In this section we describe a set of tests which may be used to investigate whether means differ significantly from each other or from specified values. The statistics used are the T and F statistics,

two of the so-called ‘classical’ test statistics.

One-sample and paired T-test

Quick Reference

To request a one-sample or paired T-test, type: stat=t1[, element_text] [;options]

as an element in the axis.

The one-sample T statistic is an axis-level statistic. It may be used to test whether the mean of a numeric variable or factor (fac=) is significantly different from zero or some other specified value.

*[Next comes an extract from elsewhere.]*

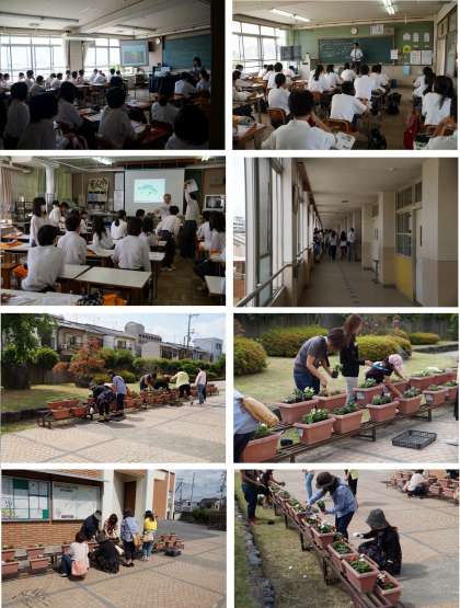 学級委員さんに各学年で受付を担当していただきました。地域委員さんに駐輪場の誘導と整理をしていただきました。教養委員さんを中心に学年委員さん地域委員さんと花の苗を植えていただきました。

It may also be used to test for differences between means measured on matched samples (the paired

T-test) — for example, between the means of two variables both obtained from the same sample of

respondents (see the Notes below).

For example, you may wish to test whether respondents spent the same length of time per day, on average, watching broadcast television before and after purchasing a video recorder. To request a one-sample or paired T-test you should include stat=t1 element in the axis at the point at which you want the statistic displayed. To define the variable or factor to be tested and perform the necessary statistical summations, you will need either a fac= option on each basic count element in the axis, or an n25 element in the axis with the inc= option.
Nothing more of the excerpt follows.